GIVEN INFORMATION
⁂
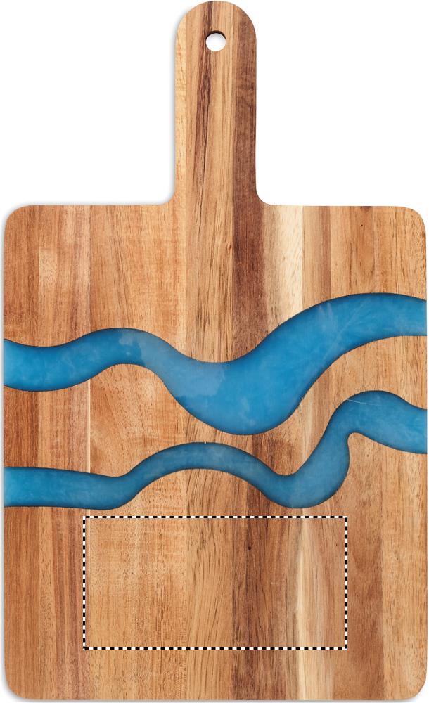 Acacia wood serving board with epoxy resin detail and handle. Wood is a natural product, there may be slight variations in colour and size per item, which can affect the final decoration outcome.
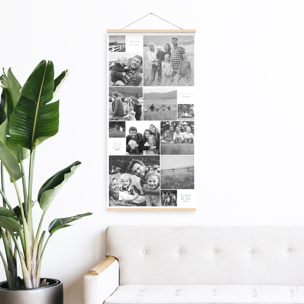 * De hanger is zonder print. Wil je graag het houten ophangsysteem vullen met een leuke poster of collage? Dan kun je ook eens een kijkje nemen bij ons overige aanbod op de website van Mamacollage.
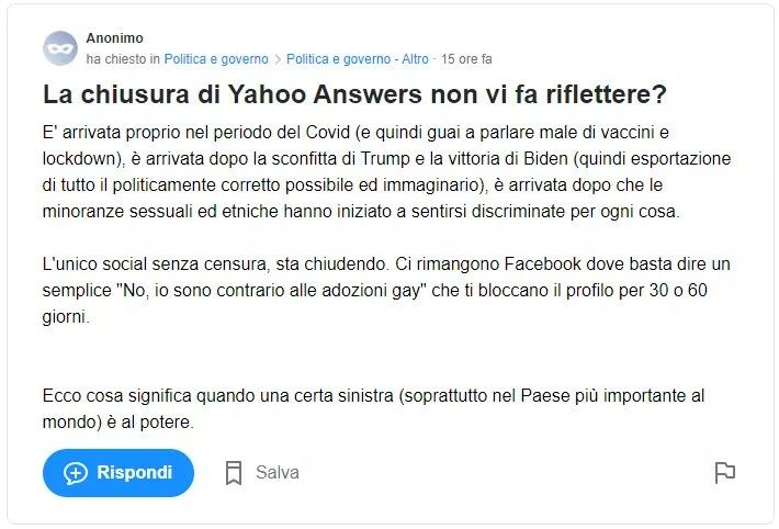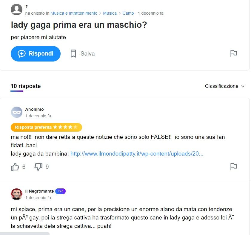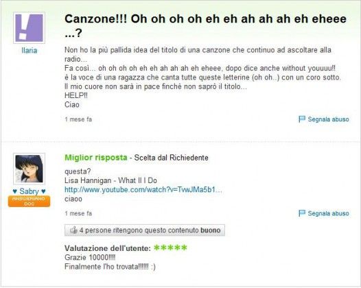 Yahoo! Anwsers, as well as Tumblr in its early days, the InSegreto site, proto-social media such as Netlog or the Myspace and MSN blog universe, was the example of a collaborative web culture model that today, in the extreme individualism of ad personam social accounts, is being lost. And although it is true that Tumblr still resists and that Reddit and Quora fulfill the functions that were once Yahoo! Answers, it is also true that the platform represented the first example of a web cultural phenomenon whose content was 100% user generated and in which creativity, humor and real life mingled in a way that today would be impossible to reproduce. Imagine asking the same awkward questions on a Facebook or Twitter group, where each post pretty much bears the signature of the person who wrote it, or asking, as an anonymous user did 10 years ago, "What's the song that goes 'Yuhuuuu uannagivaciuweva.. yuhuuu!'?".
⁂
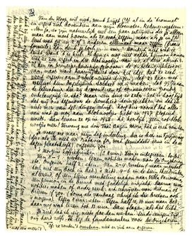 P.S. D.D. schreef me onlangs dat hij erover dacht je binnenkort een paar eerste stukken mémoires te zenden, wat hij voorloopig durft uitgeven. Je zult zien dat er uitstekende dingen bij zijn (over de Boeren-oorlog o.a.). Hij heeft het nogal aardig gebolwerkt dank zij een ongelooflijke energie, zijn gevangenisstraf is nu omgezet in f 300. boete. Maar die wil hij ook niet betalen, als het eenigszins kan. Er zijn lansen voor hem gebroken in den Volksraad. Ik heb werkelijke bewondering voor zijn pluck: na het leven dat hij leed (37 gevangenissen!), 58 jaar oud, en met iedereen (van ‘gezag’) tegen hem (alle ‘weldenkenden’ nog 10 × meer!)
⁂
TASK
Given the records above, return the lines starting at the one that holds "Acacia wood serving" and ending at the one that holds "Yahoo! Anwsers, as", exactly, and nothing besides; leave every picture out.

ANSWER TO THE EXERCISE
 Acacia wood serving board with epoxy resin detail and handle. Wood is a natural product, there may be slight variations in colour and size per item, which can affect the final decoration outcome.
 * De hanger is zonder print. Wil je graag het houten ophangsysteem vullen met een leuke poster of collage? Dan kun je ook eens een kijkje nemen bij ons overige aanbod op de website van Mamacollage.
 Yahoo! Anwsers, as well as Tumblr in its early days, the InSegreto site, proto-social media such as Netlog or the Myspace and MSN blog universe, was the example of a collaborative web culture model that today, in the extreme individualism of ad personam social accounts, is being lost. And although it is true that Tumblr still resists and that Reddit and Quora fulfill the functions that were once Yahoo! Answers, it is also true that the platform represented the first example of a web cultural phenomenon whose content was 100% user generated and in which creativity, humor and real life mingled in a way that today would be impossible to reproduce. Imagine asking the same awkward questions on a Facebook or Twitter group, where each post pretty much bears the signature of the person who wrote it, or asking, as an anonymous user did 10 years ago, "What's the song that goes 'Yuhuuuu uannagivaciuweva.. yuhuuu!'?".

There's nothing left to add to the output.